The heart and our emotions are deceitful and sick! What we feel and our desire to fuel our feelings are usually not healthy for us. It actually brings destruction. Satan knows this! He knows that feeling can fuel our deepest hurts and fears. He knows he can keep us in sin. He knows he can distract us with music. Having said that and shared my musical eras, I want to encourage you to fill your mind with good things! I know Christian music can sometimes all sound the same or be boring, but the lyrics are NEVER boring. They are about the very thing that gives you life, Jesus! And you do not have to always listen to Christian music, but when your feelings tell you to listen to whatever music makes you feel good, don't. Don't give in to your feelings, but turn on some Christian jams. Fill your head, soul, and heart with the good news of Jesus. And when you are not really feeling any type of way and simply just want to listen to something different, put on some throwbacks!
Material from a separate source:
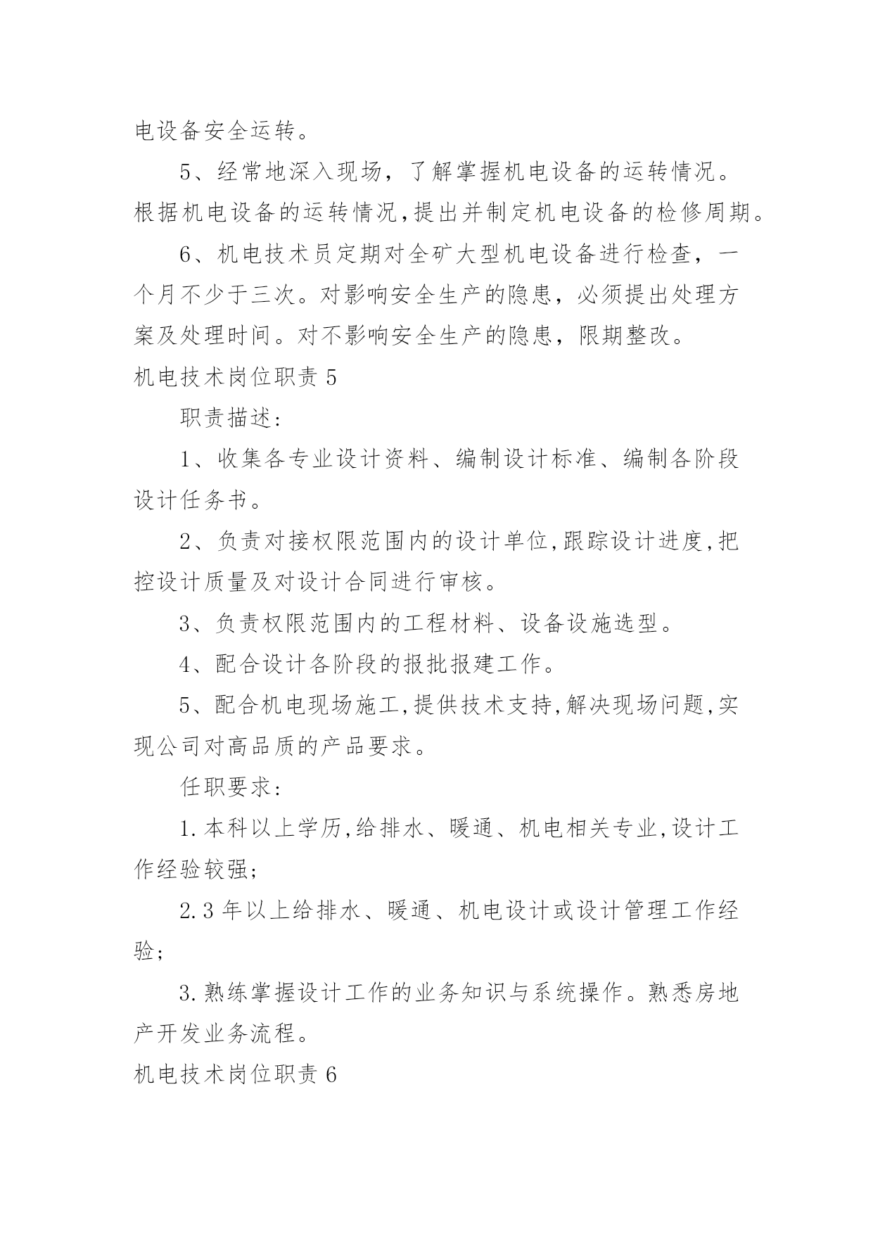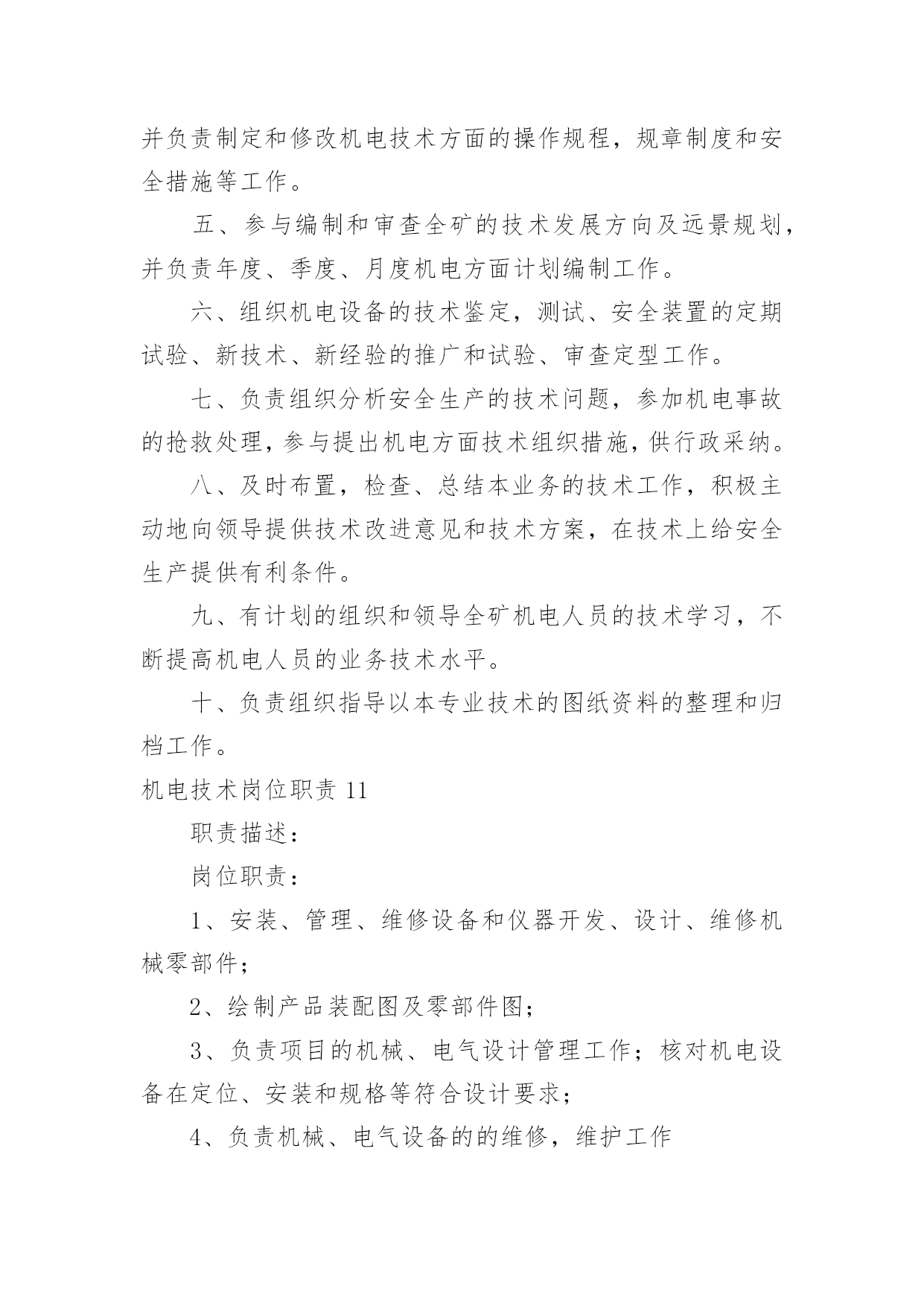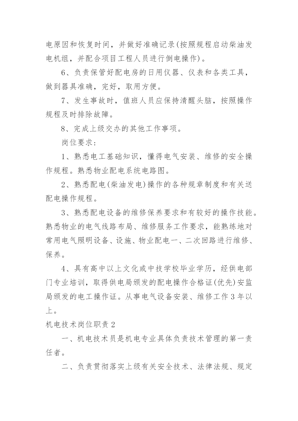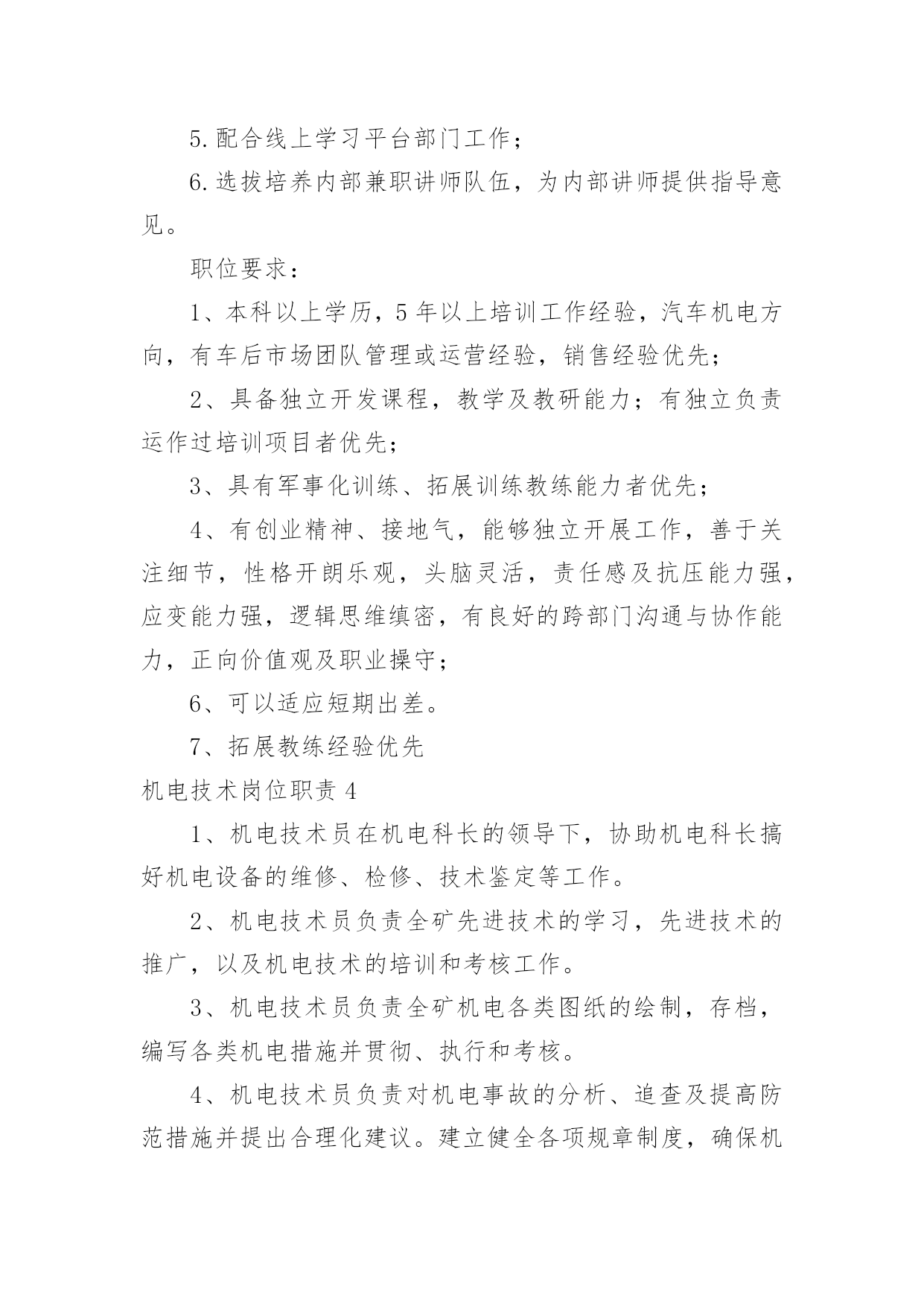 机电技术岗位职责机电技术岗位职责在当下社会,很多地方都会使用到岗位职责,岗位职责是指一个岗位所需要去完成的工作内容以及应当承担的责任范围,职责是职务与责任的统一,由授权范围和相应的责任两部分组成。相信很多朋友都对制定岗位职责感到非常苦恼吧,以下是小编整理的机电技术岗位职责,希望能够帮助到大家。机电技术岗位职责1岗位职责:1、负责重庆公司所辖各项目配电房(柴油发电机房)设施、设备的维护、维修和保养工作、负责所辖项目专业配电房及柴油发电房的工作。2、严格按照配电操作规程,负责配电设备的运行监护,严守配电房的值班、交接班和人员进出配电房的有关规定,杜绝闲杂人员进入配电房,确保配电设备的安全运行。3、负责配电房及柴油发电机房设备维修保养规程,进行日常维护和例行保养。4、坚守岗位,定期巡视检查配电运行仪表,认真抄录填写各种报表和运行记录。5、当发生停电事件时,立即与供电部门联系,问明停电原因和恢复时间,并做好准确记录(按照规程启动柴油发电机组,并配合项目工程人员进行倒电操作)。6、负责保管好配电房的日用仪器、仪表和各类工具,做到器具准确,完好,取用方便。7、发生事故时,值班人员应保持清醒头脑,按照操作规程及时排除故障。8、完成上级交办的其他工作事项。岗位要求:1、熟悉电工基础知识,懂得电气安装、维修的安全操作规程。熟悉物业配电系统电路图。2、熟悉配电(柴油发电)操作的各种规章制度和有关送配电操作规程。3、熟悉配电设备的维修保养要求和有较好的操作技能。熟悉物业的电气线路布局、维修服务工作要求,能熟练地对常用电气照明设备、设施、物业配电一、二次回路进行维修、保养。4、具有高中以上文化或中技学校毕业学历,经供电部门专业培训,取得供电局颁发的配电操作合格证(优先)安监局颁发的电工操作证。从事电气设备安装、维修工作3年以上。机电技术岗位职责2一、机电技术员是机电专业具体负责技术管理的第一责任者。二、负责贯彻落实上级有关安全技术、法律法规、规定以及三大规程在现场的实施。三、负责机电专业全面安全技术工作,具体负责组织编制停产检修措施、重大安全措施以及一般安全措施的审查。四、具体负责大型设备的安全运行、技术测定、各类保护整定、资料存档及各类保护设施的正常使用。五、具体负责设备的技术改造,新技术的推广应用,数据测试整理,图纸资料存档,以及设计、安装、供电图纸资料的审核。六、负责每旬至少一次按照煤矿安全规程对大型设备的技术装备、安全设施、井筒装备的检查。七、负责每月至少三次对各大型设备机房硐室的安全质量标准化检查,同时进行隐患排查。机电技术岗位职责3职位描述:职责描述:1.配合公司新业务开展,辅助汽车后市场线下门店培训体系的落地与执行;2.协助培训经理完善课程体系的搭建,培训项目策划工作;负责培训项目的执行,需求调研,课程开发,课程讲授,培训落地实施与检查并对培训结果进行客观评估,提出改进计划;3.根据培训项目需求独立开发课件并授课,编制培训教材,确保培训开展的专业性与高效性;4.根据培训计划,高效开展培训的整体实施与监督工作;5.配合线上学习平台部门工作;6.选拔培养内部兼职讲师队伍,为内部讲师提供指导意见。职位要求:1、本科以上学历,5年以上培训工作经验,汽车机电方向,有车后市场团队管理或运营经验,销售经验优先;2、具备独立开发课程,教学及教研能力;有独立负责运作过培训项目者优先;3、具有军事化训练、拓展训练教练能力者优先;4、有创业精神、接地气,能够独立开展工作,善于关注细节,性格开朗乐观,头脑灵活,责任感及抗压能力强,应变能力强,逻辑思维缜密,有良好的跨部门沟通与协作能力,正向价值观及职业操守;6、可以适应短期出差。7、拓展教练经验优先机电技术岗位职责41、机电技术员在机电科长的领导下,协助机电科长搞好机电设备的维修、检修、技术鉴定等工作。2、机电技术员负责全矿先进技术的学习,先进技术的推广,以及机电技术的培训和考核工作。3、机电技术员负责全矿机电各类图纸的绘制,存档,编写各类机电措施并贯彻、执行和考核。4、机电技术员负责对机电事故的分析、追查及提高防范措施并提出合理化建议。建立健全各项规章制度,确保机电设备安全运转。5、经常地深入现场,了解掌握机电设备的运转情况。根据机电设备的运转情况,提出并制定机电设备的检修周期。6、机电技术员定期对全矿大型机电设备进行检查,一个月不少于三次。对影响安全生产的隐患,必须提出处理方案及处理时间。对不影响安全生产的隐患,限期整改。机电技术岗位职责5职责描述:1、收集各专业设计资料、编制设计标准、编制各阶段设计任务书。2、负责对接权限范围内的设计单位,跟踪设计进度,把控设计质量及对设计合同进行审核。3、负责权限范围内的工程材料、设备设施选型。4、配合设计各阶段的报批报建工作。5、配合机电现场施工,提供技术支持,解

Because even those throwback secular songs can remind you of the faithfulness and promises of Jesus. For me, when I listen to my old punk rock music, I am reminded of how good God is to shield my heart from feeling those negative emotions I used to associate with those songs. I have been set free of the hold Satan had on me, and I can appreciate all music from a different perspective. There are some songs that I have completely cut off because I do not think they speak life at all and cause me to mentally go back to difficult times, so I choose not to listen to those songs! Find the music that encourages you and the music that pours negativity into you. My favorite bands or artists right now are still Nickelback (LOVEEEEE), AJR, Mercy Hill Worship, and Passion.